-- WHAT TO DO --
Only the lines from the beginning of the data through the line holding "Tessuto Satin a" belong in the answer, printed exactly and without pictures.

-- DATA PROVIDED --
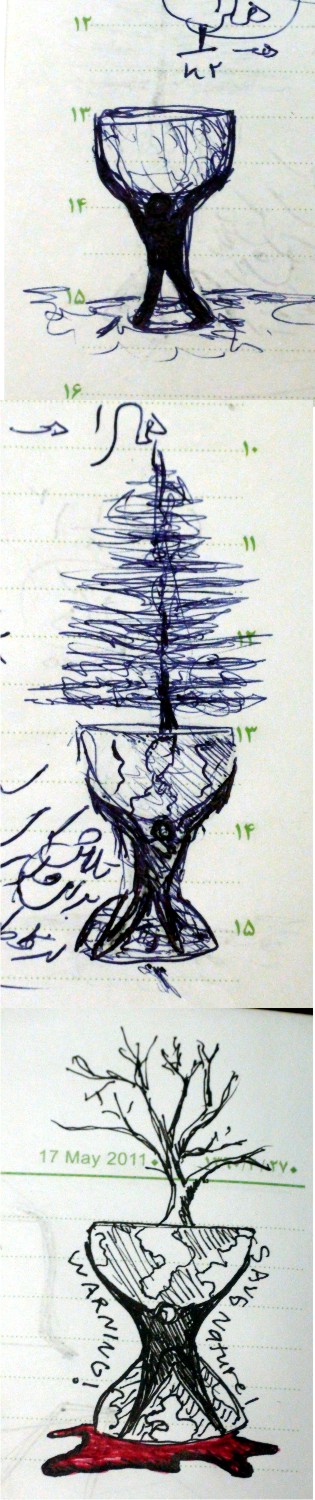 اون نماد یک انسانه که دیدش به طبیعت فقط در جهت منافع سرمایه داری خودشه و داره طبیعت رو به نابودی میکشه. خود نصفه های کره زمین مانند یک ساعت شنیه که اشاره به گذر زمان و ادامه تخریب طبیعت داره و در عین حال این خطای اون شخص وزنی روی سر خودش هم شده که باید تحمل کنه
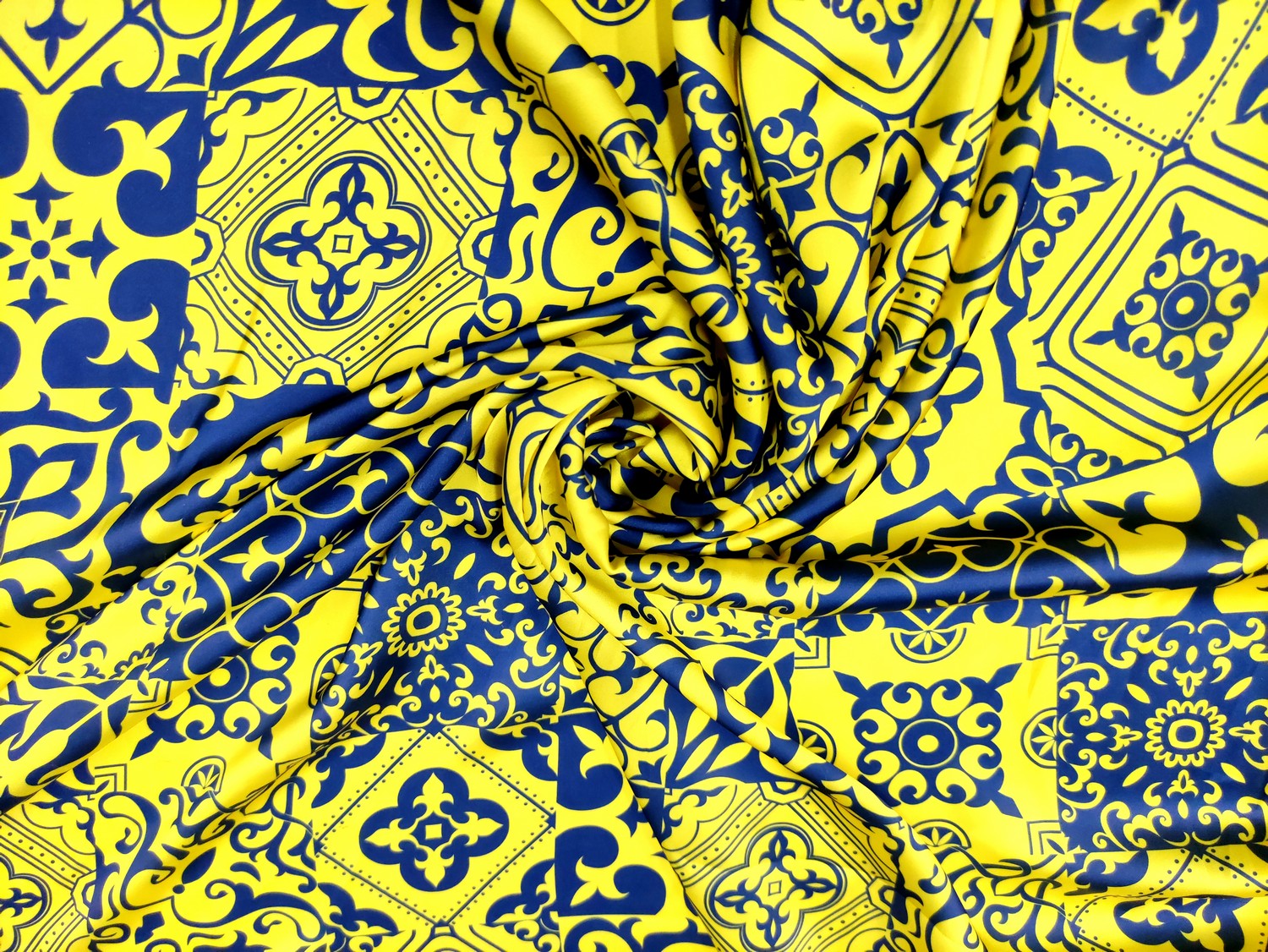 Tessuto Satin a fantasia motivo geometrico giallo – blu elettrico
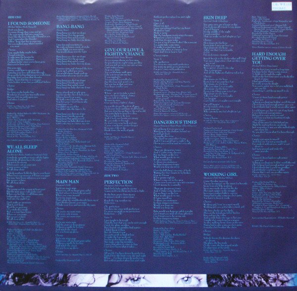 A1 (c) 1985 Recorded at Power Station, N.Y. & A&M Recording Studios, L.A., Mixed at The Record Plant, N.Y. A2 (c) 1987 Recorded at Electric Lady Studios, The Hit Factory, Bearsville Studios, A&M Recording Studios, Mixed at Mountain Sound, Vancouver. A3 (c) 1966 Recorded at Electric Lady Studio, Giant Sound, N.Y., The Hit Factory, N.Y., Bearsville Studios, A&M Recording Studio, L.A., Mixed at Little Mountain Sound, Vancouver. A4 (c) 1987 Recorded at Bearsville Studios and The Hit Factory, N.Y., Mixed at Bearsville Studios. A5 (c) 1987 Recorded at Bearsville Studios and The Hit Factory, N.Y., Mixed at Bearsville Studios. B1 (c) 1987 Recorded at Bearsville Studios and The Hit Factory, N.Y., Mixed at Bearsville Studios. B2 (c) 1987 Recorded at Schnee Studio, L.A., The Complex, L.A., and Record One, L.A., Mixed at The Complex, L.A. B3 (c) 1986 Recorded at The Grey Room, L.A. and One On One Studios, N. Hollywood, C.A., Mixed at The Record Plant, N.Y. B4 (c) 1987 Recorded at Bearsville Sound and The Hit Factory, N.Y., Mixed at The Record Plant, N.Y. B5 (c) 1987 Recorded at Power Station, N.Y., Oceanway Studios, L.A. and Soundtrack Studios, N.Y., Mixed at The Record Plant, N.Y. (p) & (c) 1987 The David Geffen Company. Some copies issued with a big white rectangular sticker on front. Issued with custom inner sleeve. [Additional runout information:] Runouts are stamped, everything after the side-identifiers (including the cut#: A#/B# - if present) is faintly hand-etched. Different to this version: [r1136855] (this version has publishing notes on labels).
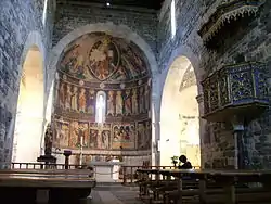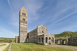 The Basilica della Santissima Trinità di Saccargia (Italian pronunciation: [baˈziːlika della sanˈtissima triniˈta ddi sakˈkardʒa]) (English: "Basilica of the Holy Trinity of Saccargia") is a church in the comune of Codrongianos, northern Sardinia, Italy. It is one of the most important Romanesque site in the island. The construction is entirely in local stone (black basalt and white limestone), with a typical appearance of Tuscan Romanesque style.

-- EXERCISE ANSWER --
 اون نماد یک انسانه که دیدش به طبیعت فقط در جهت منافع سرمایه داری خودشه و داره طبیعت رو به نابودی میکشه. خود نصفه های کره زمین مانند یک ساعت شنیه که اشاره به گذر زمان و ادامه تخریب طبیعت داره و در عین حال این خطای اون شخص وزنی روی سر خودش هم شده که باید تحمل کنه
 Tessuto Satin a fantasia motivo geometrico giallo – blu elettrico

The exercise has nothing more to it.